Decision trees are fit recursively to the predictor variable. Suppose we have a collection of $N$ data elements $i\in (\mathrm{1},N)$, denoted as $x_i$, each composed of $m$ predictor variables ($x_i\in R^m$) and a corresponding list of $N$ labels $y_i$ that we would like to learn. In our case, $y_i$ denotes the observed PM${}_{\mathrm{2.5}}$ concentrations from the surface networks averaged on the 6 $\times$ 6 km${}^{\mathrm{2}}$ grid, and $N$ denotes the number of these observations. The algorithm works by splitting the data into left and right subsets, $L$ and $R$, at an optimum split point determined from the predictor variables in $x_i$ (Pedregosa et al., 2011). The optimum split point is defined as the one that minimizes the impurity $G$, as follows: 2$$G(L,R)=\mathit{\beta }\cdot \mathrm{MSE}\left(L\right)+(\mathrm{1}-\mathit{\beta })\cdot \mathrm{MSE}\left(R\right),$$ where $\mathit{\beta }$ represents the fraction of data in the subset $L$, and $\mathrm{MSE}$ represents the mean squared error of each of the subsets, as follows: 3$$\mathrm{MSE}\left(X\right)={\displaystyle \frac{\mathrm{1}}{n}}{\sum }_i{\left(y_i-\stackrel{\mathrm{‾}}{y}\right)}^{\mathrm{2}},$$ where $\stackrel{\mathrm{‾}}{y}$ is the mean of the target labels within a given subset $X$, and $n$ is the number of elements in that subset. From there, the same algorithm is recursively applied to the left and right subsets $L$ and $R$ until the tree is grown. We follow the advice of Hastie et al. (2009) and grow trees until the data are fully classified (each leaf contains only one value).
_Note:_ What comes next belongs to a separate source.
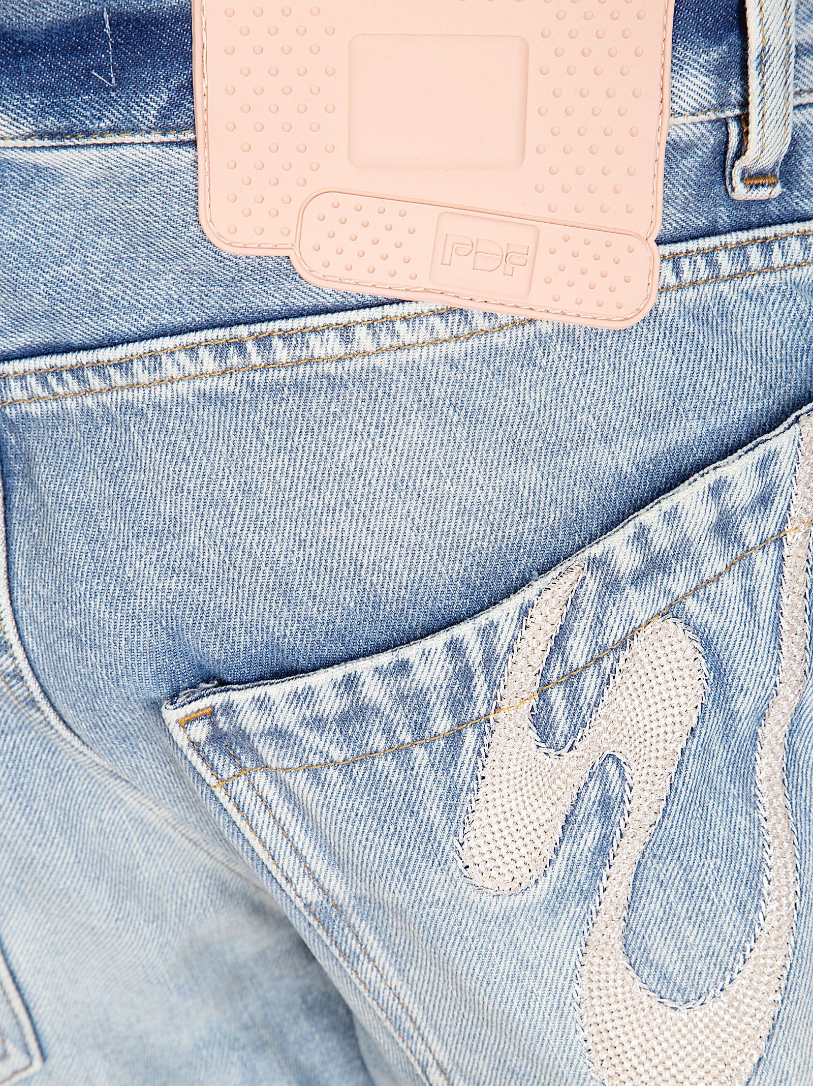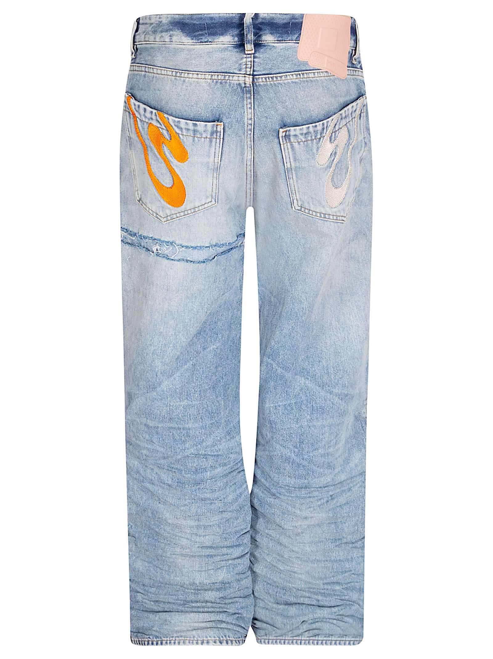 Jeans lavaggio acido, modello Rich Kid, gamba dritta oversized con tagli ampi, cuciture e dettagli a contrasto sul retro.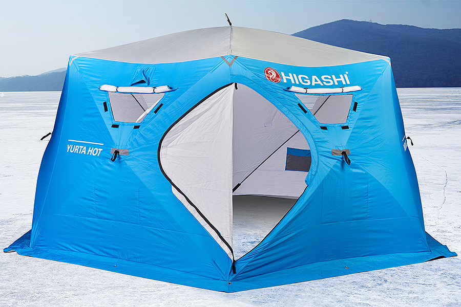 Утепленная палатка для зимней рыбалки шестиугольной формы Yurta HOT – самая большая модель в линейке HIGASHI. Палатка отличается исключительным качеством исполнения и вниманием производителя к деталям. Автоматический каркас из прочного фибергласса с металлическими хабами позволяет быстро установить палатку одному человеку за короткий срок. Габариты оптимальны для комфортного размещения 6-8 человек, при этом высота позволяет свободно стоять в полный рост. Поместится внутри также раскладушка, печка и снаряжение. Для выведения вытяжной трубы можно дополнительно приобрести специальную огнеупорную врезку, встраиваемую вместо одного из окон.

Due to the recursive training structure, decision trees are sensitive to the data on which they are trained because a change in one split point changes the composition of all its child nodes. Individual decision trees thus have high error variance but no inherent bias. It follows that averaging many individual and uncorrelated trees should yield a low variance, low bias, prediction. We construct 200 trees in parallel and reduce the correlation between them through a bagging procedure; for each of the 200 decision trees in the RF, we sample the input data with replacement to form a new dataset of the same dimensions and then grow a decision tree from this bootstrapped data (Breiman, 2001). Because of the high input sensitivity, a wide variety of decorrelated trees are grown. The predictions of each individual tree are averaged to yield the prediction of the RF. We fit our RF using the RandomForestRegression class in the Python module Scikit-learn (Pedregosa et al., 2011). We attempted to further decorrelate the trees by following Breiman (2001) and calculating the split points of each individual tree using only a random subset of the $m$ predictor variables; however, a sensitivity test we performed showed only minor differences with the base case, and therefore, we follow Geurts et al. (2006) in considering all predictor variables in the training process.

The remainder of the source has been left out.